● **YOUR OBJECTIVE**
Reproduce the lines below exactly. Skip images.

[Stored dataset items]
════════════════
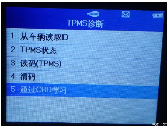 (1)将TS601与车辆连接好,进入“胎压系统诊断-通过OBD学习”;
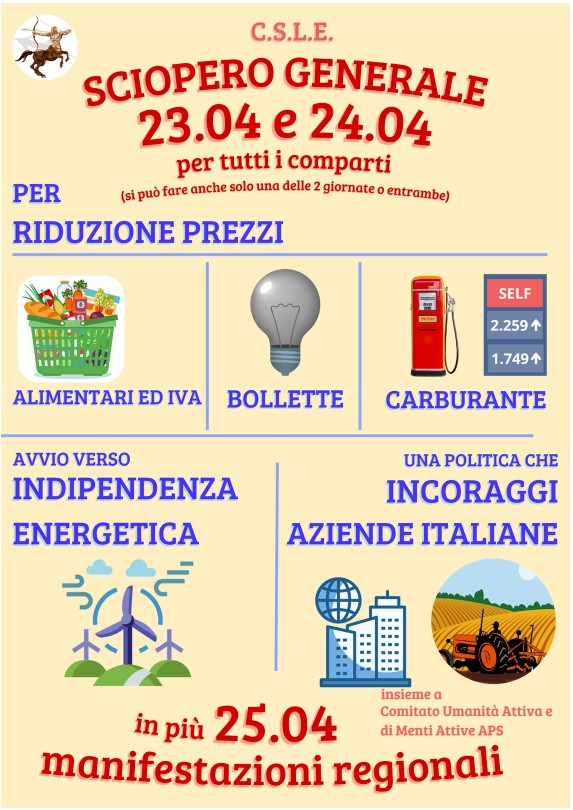 Azioni di sciopero previste per le giornate del 23 e 24 APRILE 2026
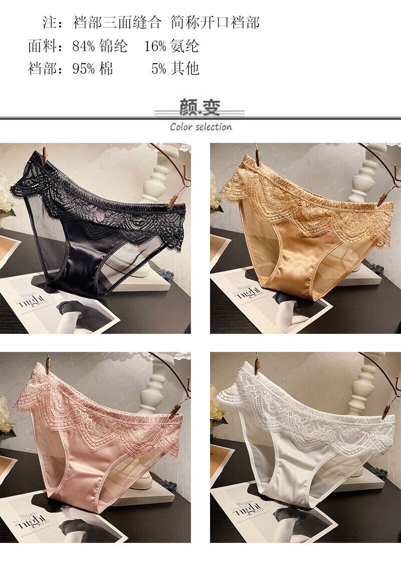 European and American light luxury satin lace panties women's fashion low waist sexy transparent see-through briefs pure cotton crotch bottoms コットン レース サテン ピュア ヨーロピアン 5450237671499229 | CFT~レディーファッション専門店~
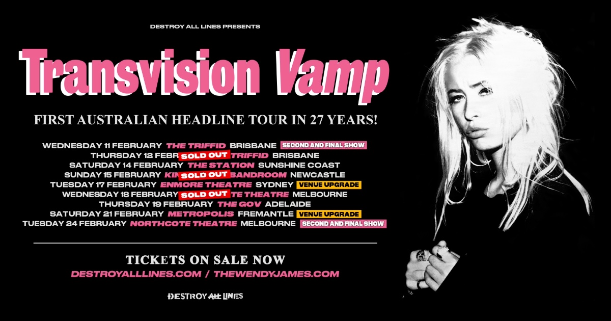 Joining Brisbane & Melbourne, Newcastle is the latest stop on Transvision Vamp's 2026 Australian tour to officially be named as SOLD OUT!
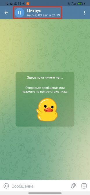Перейдите на вкладку «Контакты» и тапните по имени пользователя в списке или найдите его через поиск. Если вы уже общались с этим человеком, можно просто перейти в ваш диалог.
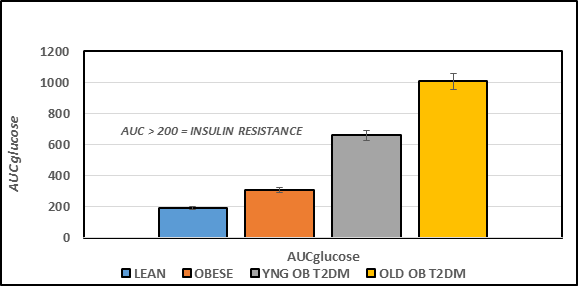 Figure 4B Effect of strain and phenotype on AUC glucose of rats. Data are mean ± 1 SEM, n = 5-8 rats/group. P = < 0.05 for lean vs obese, and lean vs Obese+T2DM. The data are consistent with insulin resistance obese rats, and the magnitude of insulin resistance was greater in the obese+T2DM than in the obese non-diabetic rats.
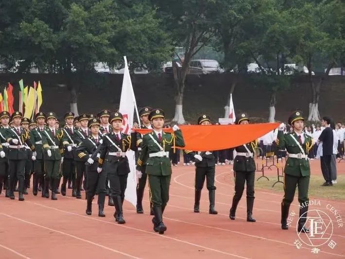 国旗护卫队带着昂扬的精气神,踏着矫健的步伐,以整齐划一的队形迎面朝着主席台走过来,充分地展示了华商学院的精神风貌,体现了华商学子的朝气与活力。
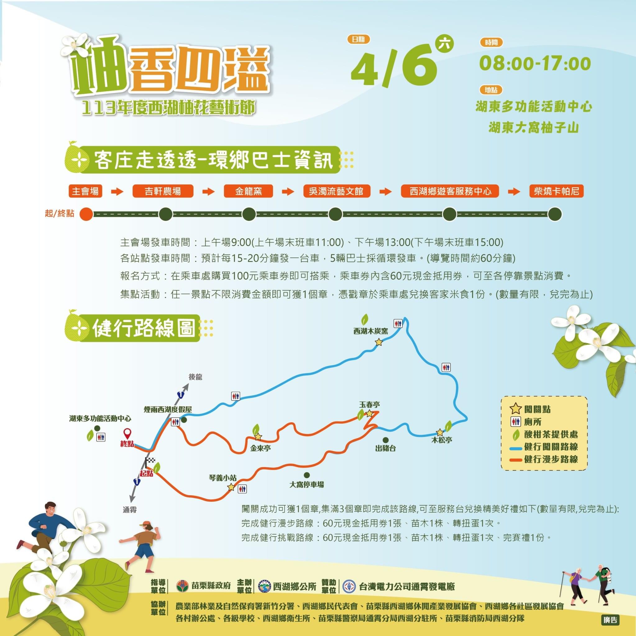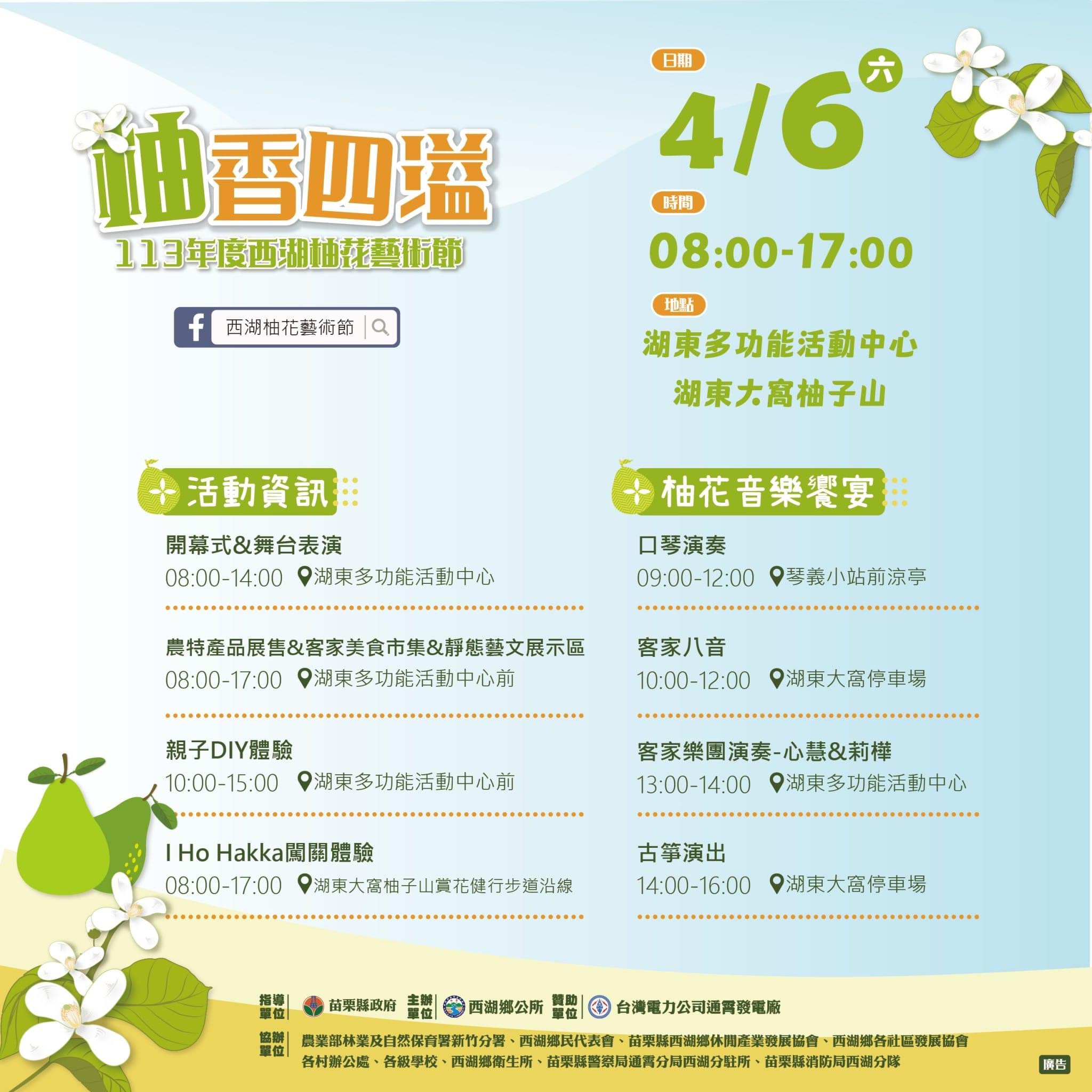 轉知苗栗縣西湖鄉公所檢送本所辦理113年度「西湖柚花藝術節」活動宣傳DM, 敬請協助宣導所轄周知,並竭誠歡迎蒞臨指導,至紉公誼。 請民眾參閱 Attachments: 0002774_IMG_1121 (1).JPG[ ]427 kB 0002774_IMG_1122.JPG[ ]479 kB 苗栗縣西湖鄉公所.pdf[ ]204 kB
════════════════
● **ANSWER TO THIS TASK**
 (1)将TS601与车辆连接好,进入“胎压系统诊断-通过OBD学习”;
 Azioni di sciopero previste per le giornate del 23 e 24 APRILE 2026
 European and American light luxury satin lace panties women's fashion low waist sexy transparent see-through briefs pure cotton crotch bottoms コットン レース サテン ピュア ヨーロピアン 5450237671499229 | CFT~レディーファッション専門店~
 Joining Brisbane & Melbourne, Newcastle is the latest stop on Transvision Vamp's 2026 Australian tour to officially be named as SOLD OUT!
Перейдите на вкладку «Контакты» и тапните по имени пользователя в списке или найдите его через поиск. Если вы уже общались с этим человеком, можно просто перейти в ваш диалог.
 Figure 4B Effect of strain and phenotype on AUC glucose of rats. Data are mean ± 1 SEM, n = 5-8 rats/group. P = < 0.05 for lean vs obese, and lean vs Obese+T2DM. The data are consistent with insulin resistance obese rats, and the magnitude of insulin resistance was greater in the obese+T2DM than in the obese non-diabetic rats.
 国旗护卫队带着昂扬的精气神,踏着矫健的步伐,以整齐划一的队形迎面朝着主席台走过来,充分地展示了华商学院的精神风貌,体现了华商学子的朝气与活力。
 轉知苗栗縣西湖鄉公所檢送本所辦理113年度「西湖柚花藝術節」活動宣傳DM, 敬請協助宣導所轄周知,並竭誠歡迎蒞臨指導,至紉公誼。 請民眾參閱 Attachments: 0002774_IMG_1121 (1).JPG[ ]427 kB 0002774_IMG_1122.JPG[ ]479 kB 苗栗縣西湖鄉公所.pdf[ ]204 kB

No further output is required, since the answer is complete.